◆ **TASK GOAL**
Nothing but text lines should be duplicated: start with the first line of the listing below and stop after the line holding "加拿大官方教育網站數據顯示,加拿大高等教育普遍開設覆蓋文、工、理、商全專業的 Co - op帶薪實習課程,其中學院的", omitting pictures.

◆ **RECORD EXTRACTS**
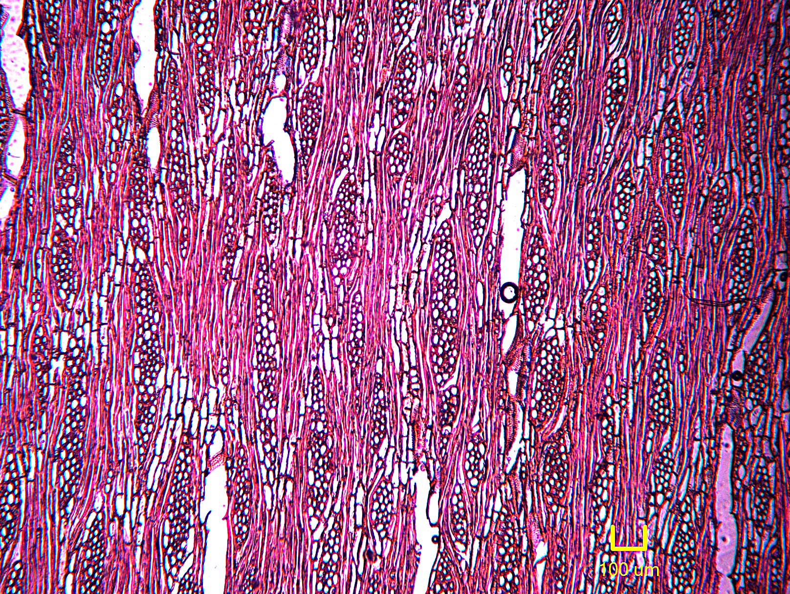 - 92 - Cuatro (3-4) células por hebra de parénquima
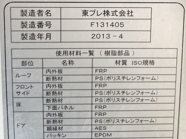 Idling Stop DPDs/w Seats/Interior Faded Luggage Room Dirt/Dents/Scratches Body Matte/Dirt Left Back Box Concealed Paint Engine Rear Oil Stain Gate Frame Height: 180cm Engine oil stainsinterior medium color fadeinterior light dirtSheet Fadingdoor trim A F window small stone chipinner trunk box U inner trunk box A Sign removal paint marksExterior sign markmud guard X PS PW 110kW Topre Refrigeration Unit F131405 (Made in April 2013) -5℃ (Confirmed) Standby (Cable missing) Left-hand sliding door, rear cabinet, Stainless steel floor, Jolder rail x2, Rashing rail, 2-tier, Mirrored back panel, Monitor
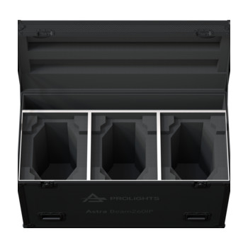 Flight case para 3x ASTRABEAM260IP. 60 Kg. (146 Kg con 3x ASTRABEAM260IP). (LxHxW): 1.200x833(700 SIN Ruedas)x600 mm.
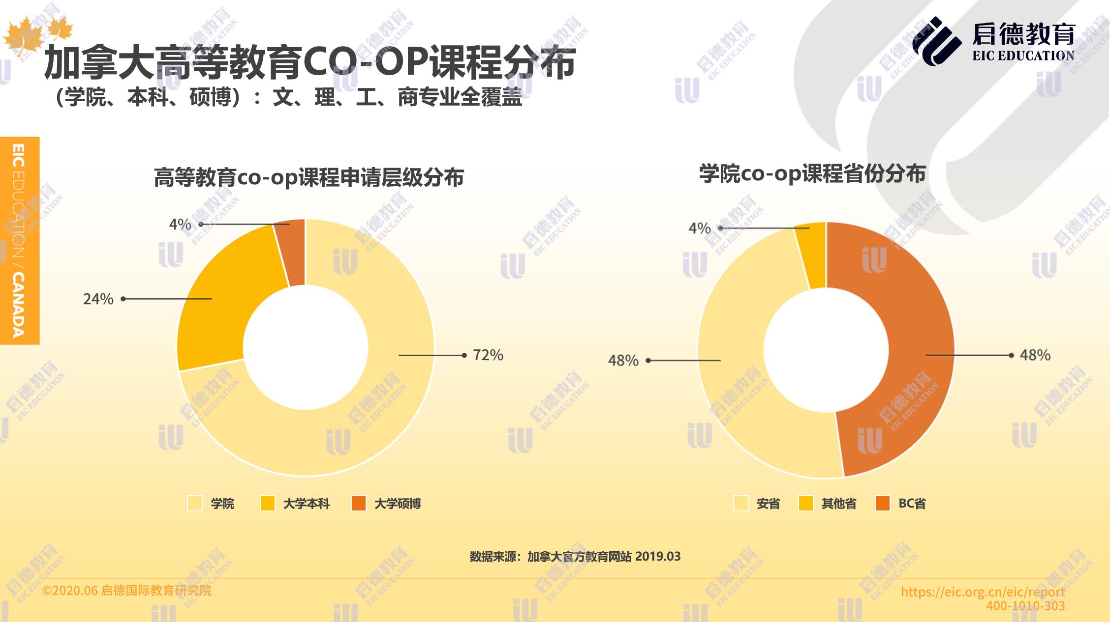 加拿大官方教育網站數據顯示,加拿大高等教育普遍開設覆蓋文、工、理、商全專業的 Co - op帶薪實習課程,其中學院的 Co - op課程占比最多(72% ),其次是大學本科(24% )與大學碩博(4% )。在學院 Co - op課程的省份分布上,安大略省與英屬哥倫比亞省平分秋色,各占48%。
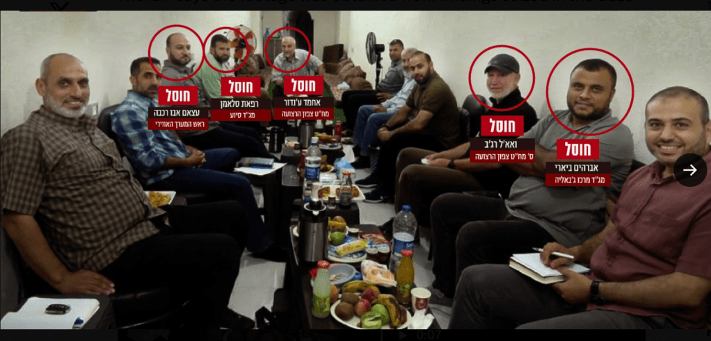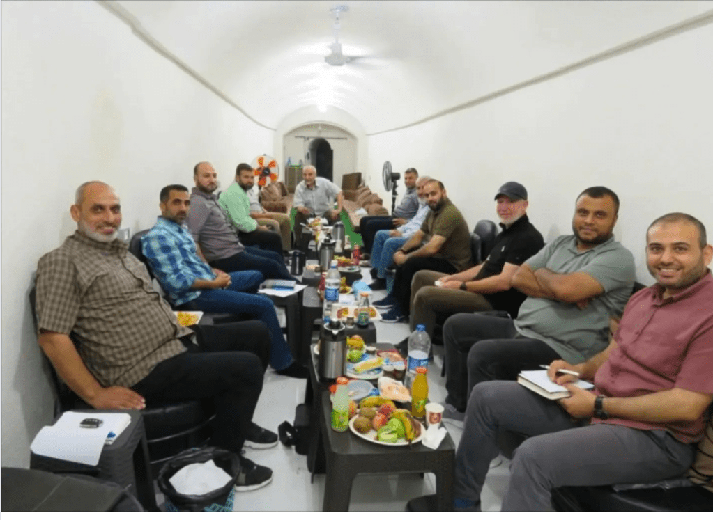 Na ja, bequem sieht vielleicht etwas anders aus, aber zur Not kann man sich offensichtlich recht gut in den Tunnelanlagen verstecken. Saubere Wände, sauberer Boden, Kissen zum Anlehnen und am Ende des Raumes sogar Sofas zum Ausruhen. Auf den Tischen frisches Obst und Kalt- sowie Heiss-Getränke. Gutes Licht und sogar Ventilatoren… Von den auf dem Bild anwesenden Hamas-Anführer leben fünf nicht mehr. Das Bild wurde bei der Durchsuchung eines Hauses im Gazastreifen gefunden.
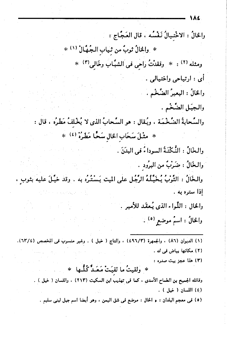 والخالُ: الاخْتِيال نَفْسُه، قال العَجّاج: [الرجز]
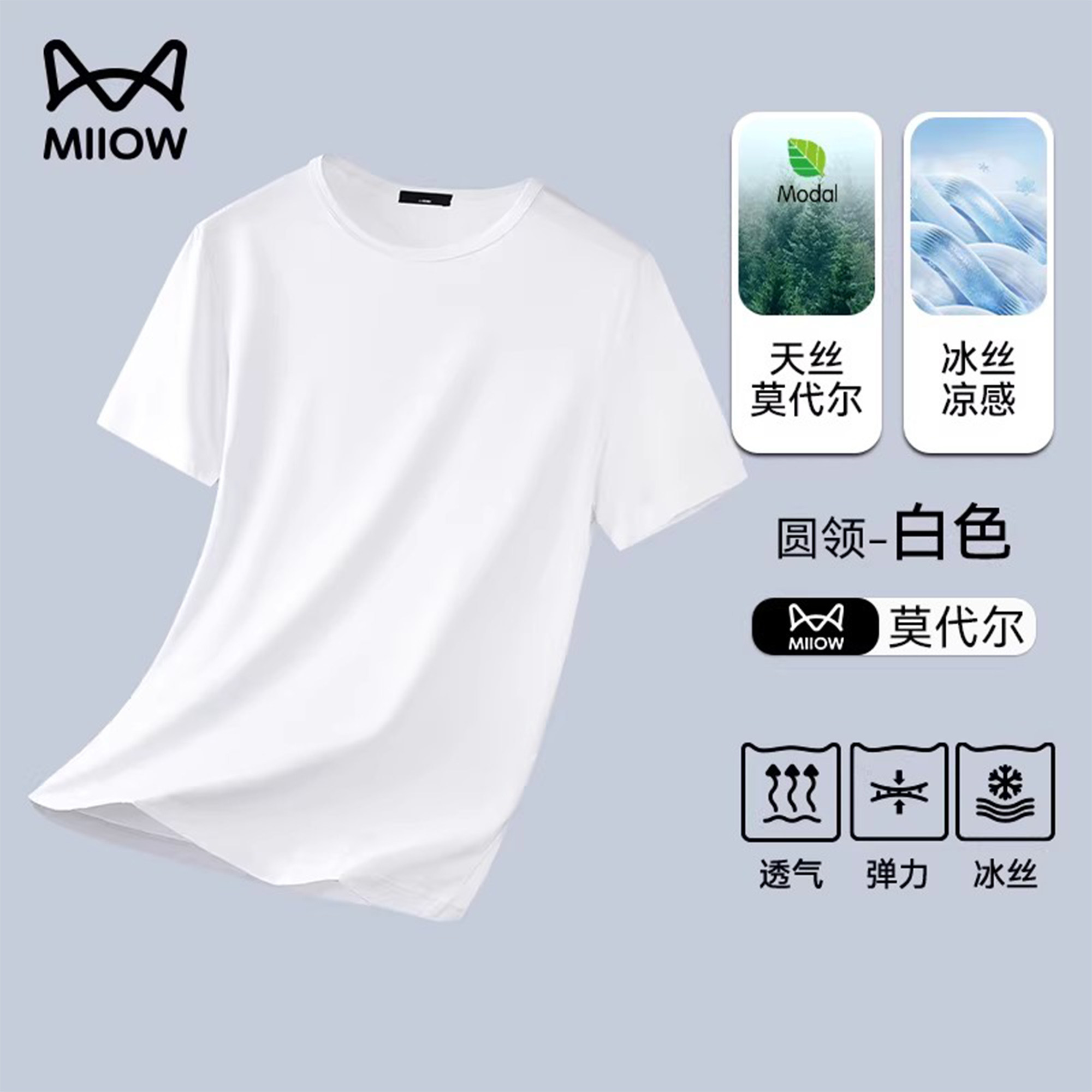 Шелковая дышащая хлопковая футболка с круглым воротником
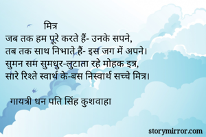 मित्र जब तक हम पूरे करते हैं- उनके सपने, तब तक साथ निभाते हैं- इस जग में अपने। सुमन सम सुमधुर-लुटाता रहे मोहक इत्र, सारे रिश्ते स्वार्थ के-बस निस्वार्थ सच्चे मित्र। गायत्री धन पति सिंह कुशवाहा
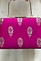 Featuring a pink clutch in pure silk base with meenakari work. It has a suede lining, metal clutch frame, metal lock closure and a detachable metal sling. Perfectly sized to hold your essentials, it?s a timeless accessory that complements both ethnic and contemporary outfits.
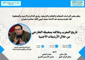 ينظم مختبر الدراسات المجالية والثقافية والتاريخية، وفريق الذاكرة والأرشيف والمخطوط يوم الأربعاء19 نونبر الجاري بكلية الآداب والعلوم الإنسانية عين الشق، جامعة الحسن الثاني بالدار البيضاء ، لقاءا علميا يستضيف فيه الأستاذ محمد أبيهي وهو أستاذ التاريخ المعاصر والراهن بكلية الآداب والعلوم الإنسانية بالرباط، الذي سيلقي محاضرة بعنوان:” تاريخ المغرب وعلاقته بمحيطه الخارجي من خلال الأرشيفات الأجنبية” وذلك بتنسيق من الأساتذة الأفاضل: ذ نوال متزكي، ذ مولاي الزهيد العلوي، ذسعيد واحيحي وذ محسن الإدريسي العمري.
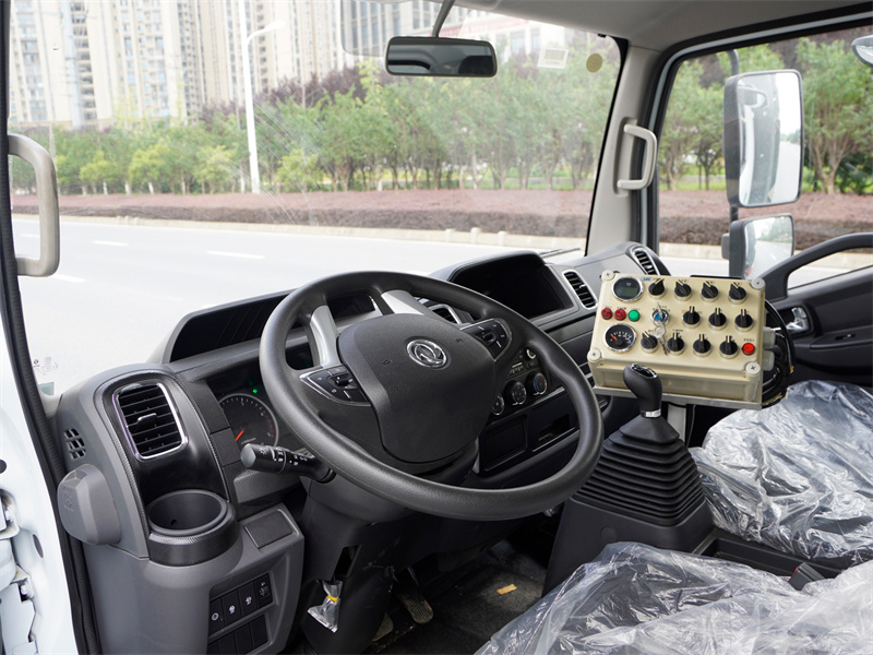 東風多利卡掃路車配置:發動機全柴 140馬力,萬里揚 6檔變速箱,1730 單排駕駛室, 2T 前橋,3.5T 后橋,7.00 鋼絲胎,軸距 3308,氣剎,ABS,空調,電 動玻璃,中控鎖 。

◆ **RESULT**
 - 92 - Cuatro (3-4) células por hebra de parénquima
 Idling Stop DPDs/w Seats/Interior Faded Luggage Room Dirt/Dents/Scratches Body Matte/Dirt Left Back Box Concealed Paint Engine Rear Oil Stain Gate Frame Height: 180cm Engine oil stainsinterior medium color fadeinterior light dirtSheet Fadingdoor trim A F window small stone chipinner trunk box U inner trunk box A Sign removal paint marksExterior sign markmud guard X PS PW 110kW Topre Refrigeration Unit F131405 (Made in April 2013) -5℃ (Confirmed) Standby (Cable missing) Left-hand sliding door, rear cabinet, Stainless steel floor, Jolder rail x2, Rashing rail, 2-tier, Mirrored back panel, Monitor
 Flight case para 3x ASTRABEAM260IP. 60 Kg. (146 Kg con 3x ASTRABEAM260IP). (LxHxW): 1.200x833(700 SIN Ruedas)x600 mm.
 加拿大官方教育網站數據顯示,加拿大高等教育普遍開設覆蓋文、工、理、商全專業的 Co - op帶薪實習課程,其中學院的 Co - op課程占比最多(72% ),其次是大學本科(24% )與大學碩博(4% )。在學院 Co - op課程的省份分布上,安大略省與英屬哥倫比亞省平分秋色,各占48%。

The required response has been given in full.